In the records below, find the line that contains "Lelli Kelly Kinder" and the line that contains "整体:如同博物馆玻璃展柜中的鱼类标本说明牌", then retype exactly those two lines and every line between them.

─── PROVIDED DATA ───

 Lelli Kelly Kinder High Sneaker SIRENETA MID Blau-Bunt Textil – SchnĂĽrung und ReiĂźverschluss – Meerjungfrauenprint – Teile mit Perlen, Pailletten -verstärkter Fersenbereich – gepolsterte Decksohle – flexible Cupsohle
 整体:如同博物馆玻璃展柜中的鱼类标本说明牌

───
─── PROVIDED DATA ───

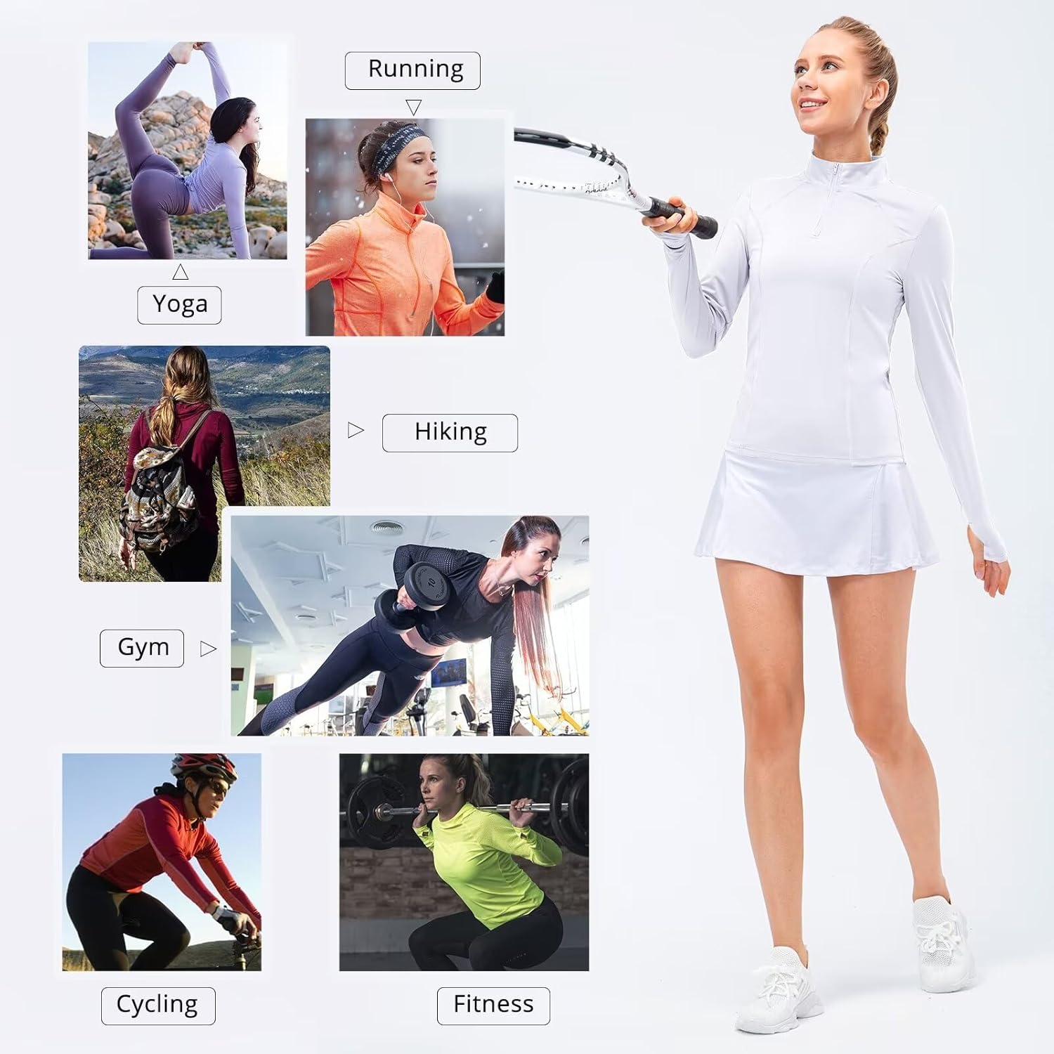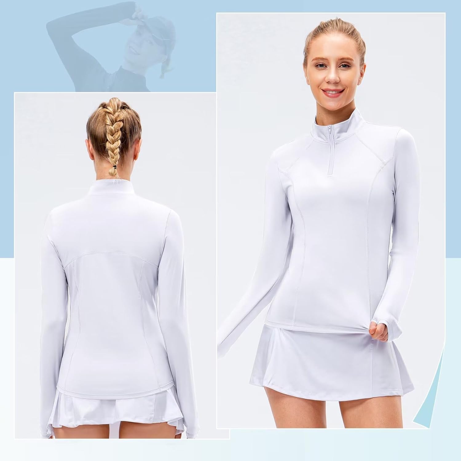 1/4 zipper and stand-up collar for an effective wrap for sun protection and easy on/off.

───

OUTPUT OF THE EXERCISE:
 Lelli Kelly Kinder High Sneaker SIRENETA MID Blau-Bunt Textil – SchnĂĽrung und ReiĂźverschluss – Meerjungfrauenprint – Teile mit Perlen, Pailletten -verstärkter Fersenbereich – gepolsterte Decksohle – flexible Cupsohle
 整体:如同博物馆玻璃展柜中的鱼类标本说明牌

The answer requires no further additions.